Durban - The Sharks began their pre-season training this week ahead of the new United Rugby Championship (URC) season in September, and smiling fresh faces in the ranks were new recruits Carlu Sadie, Rohan Janse van Rensburg and Lionel Cronje.
A fourth new face, Sadie’s former teammate at the Lions, is Vincent Tshituka, though he is still untangling himself from some red tape at Ellis Park, but should not be too much longer.
Sadie is a beast of a prop and a shrewd buy for the Sharks, given that they will pretty much be without their Springboks for the rest of the year — and that means no Thomas du Toit and Ox Nche, not to mention Siya Kolisi, Bongi Mbonambi, Eben Etzebeth and backs Lukhanyo Am, Makazole Mapimpi and probably also Aphelele Fassi.
All of the South African teams will be without their Boks for the initial stages of the URC — as was the case last year — because the Rugby Championship and the November tour take place at the same time as the URC.
Sadie will thus have a vital role to play — and if he reproduces the form he displayed for the Lions in this competition, the Sharks will be on the front foot.
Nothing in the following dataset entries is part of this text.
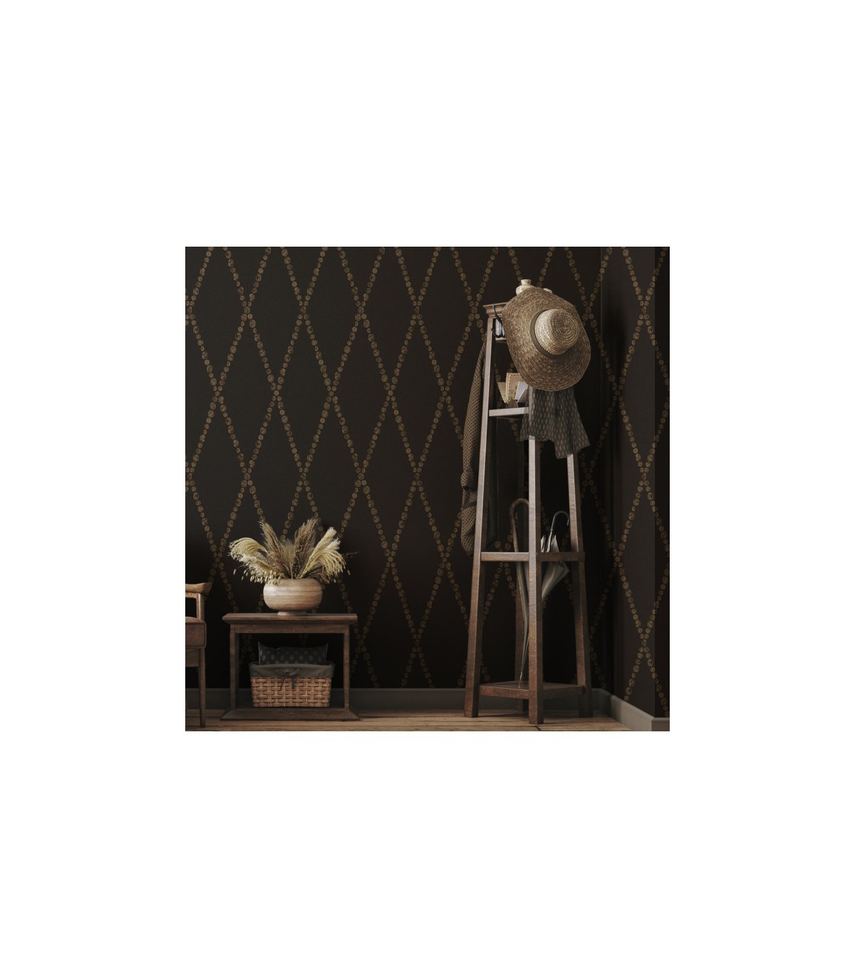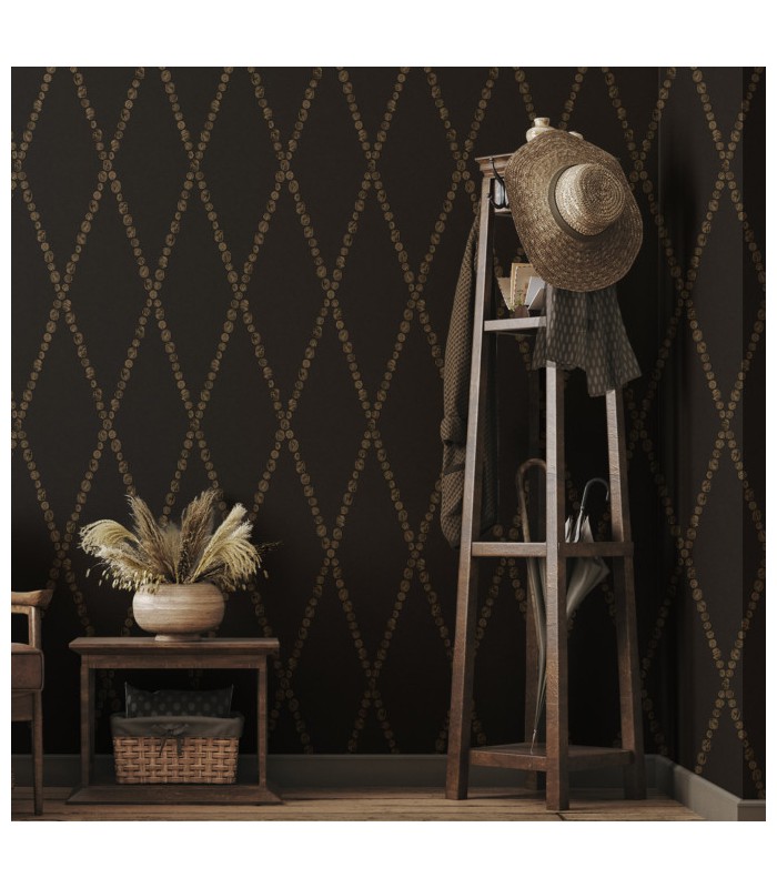 Évoquant un univers visuel mêlant différentes époques, ce papier peint illumine une pièce d'une beauté éternelle. Ici présenté dans sa version Gold on Charcoal
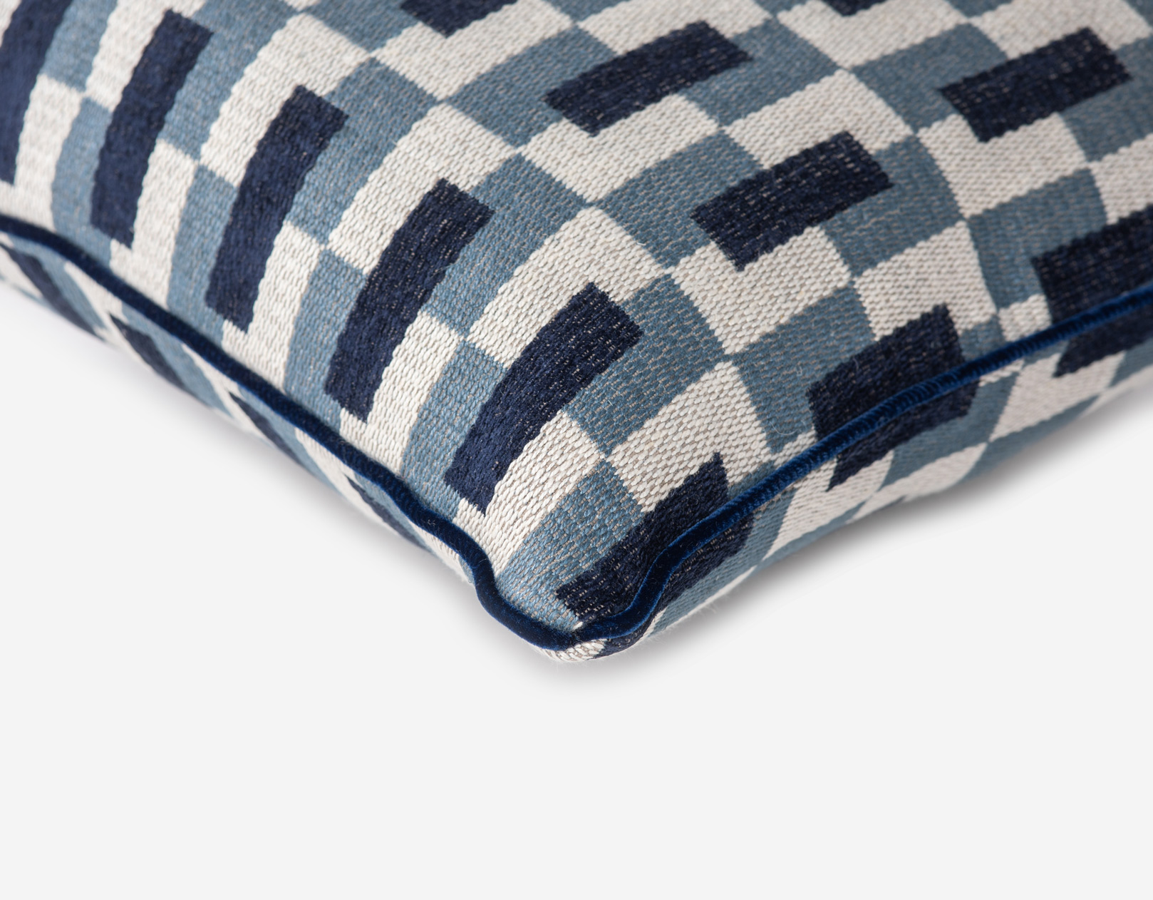Multicoloured geometric texture in cotton and linen, with velvet trimmings.
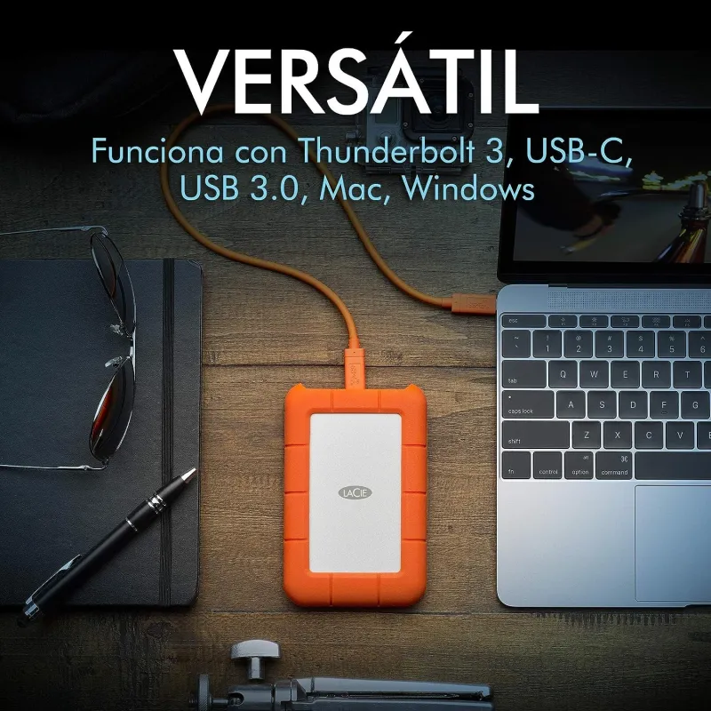 COMPATIBLE CON THUNDERBOLT, USB-C Y USB 3.0: Escenario común: necesita editar y entregarle un proyecto a un cliente, pero usa una Macbook Pro con USB-C y el cliente tiene una computadora con USB 3.0. ¿Qué hace? Sencillo: opte por Rugged. La línea de unidades se amolda a una amplia gama de interfaces de modo que pueda editar y compartir sin complicaciones.
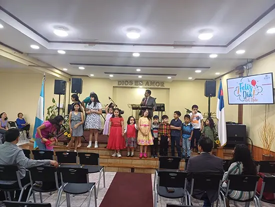 La congregación celebró alegremente el día del niño, para lo cual tuvieron una reunión de la niñez con sus padres, por la mutua relación. El pastor invitado Lic. Benedicto Xatá, se refirió al crecimiento integral que tienen los pequeños, cuando son amados y orientados por ambos padres, con un resultado que está a la vista.
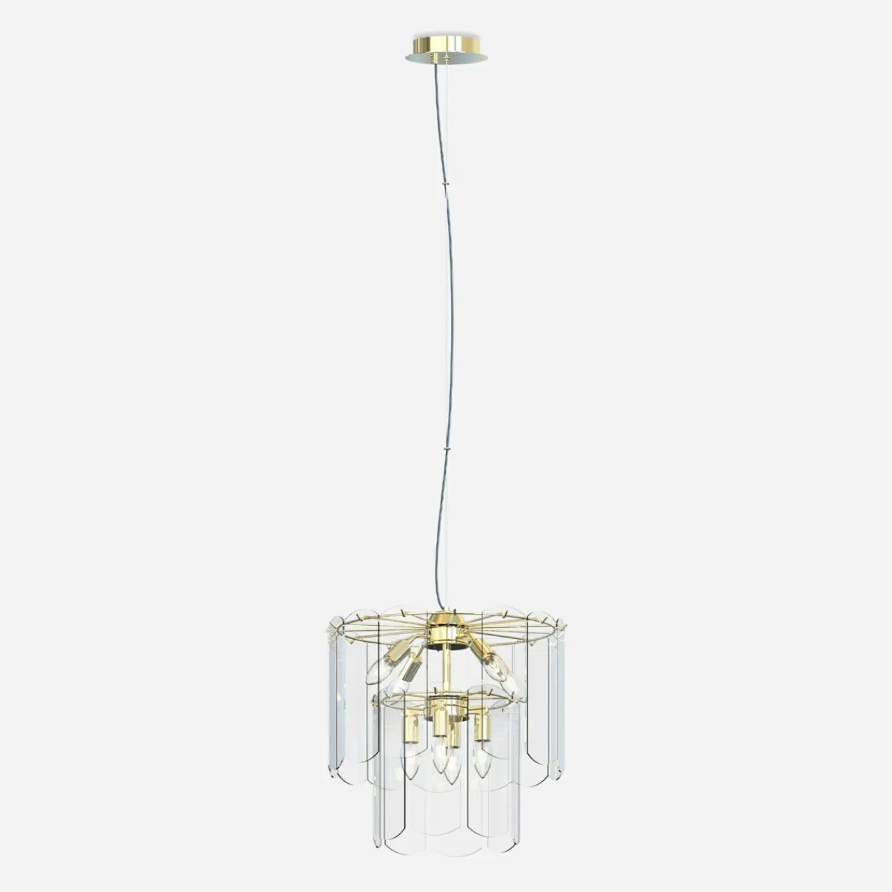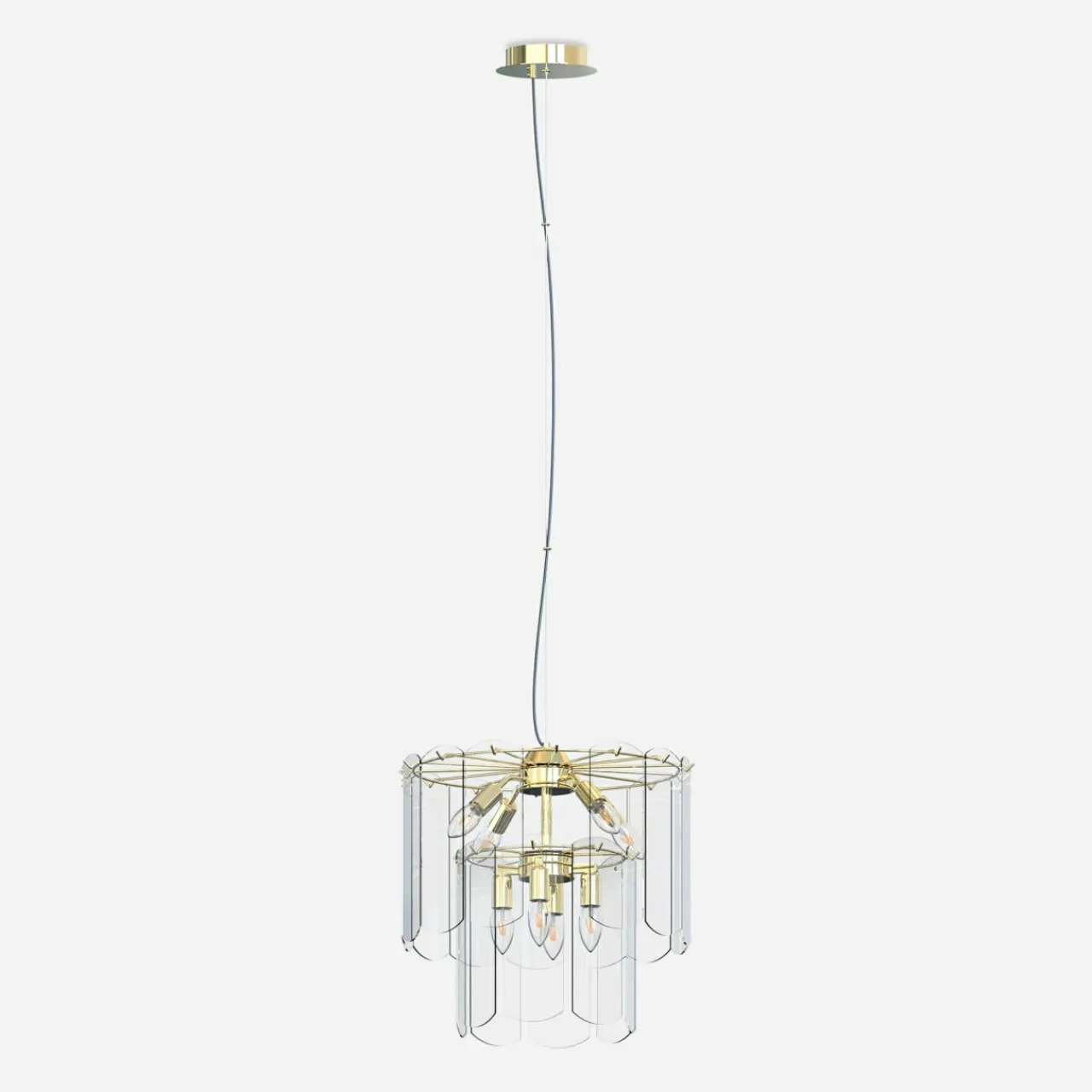 - Modny kształt lampy oparty jest ozdobach o regularnym kształcie, wykonanych ze szkła. Wykończenie lampy łączy złoty kolor oprawy z transparentnym kloszem, wewnątrz którego doskonale widać kształty 8 żarówek.

There were games in the last URC where Sadie destroyed the opposition scrum, and he regularly won scrum penalties for the Lions.
The stocky 25-year-old weighs in at just under 140kg. He is naturally strong, with huge thighs, and being shorter enables him to get under props and annihilate them.
Janse van Rensburg is another former Lion recruited by the Sharks to fill a big hole. The 27-year-old is closer to the dimensions of Andre Esterhuizen than any of the candidates used to replace him since he left for London Harlequins in April 2020.
The powerful Van Rensburg is 109kg and 1.85m tall and was a key component of the successful Lions team under Johan Ackermann, and was capped once for the Springboks, in 2016. He left the Lions for Manchester, and between 2018 and last year he amassed 73 caps for the Sale Sharks.
The much-travelled Cronje returns to Durban for a third stint at the Sharks and the 33-year-old aims to play out his career at the Shark Tank.
The flyhalf played for the Sharks in 2014 and 2015, before heading to Japan. Last year he returned on loan for the Currie Cup. He played well and the Sharks wanted to hang on to him, but he had to complete his commitments at Toyota Verblitz and now is back for good.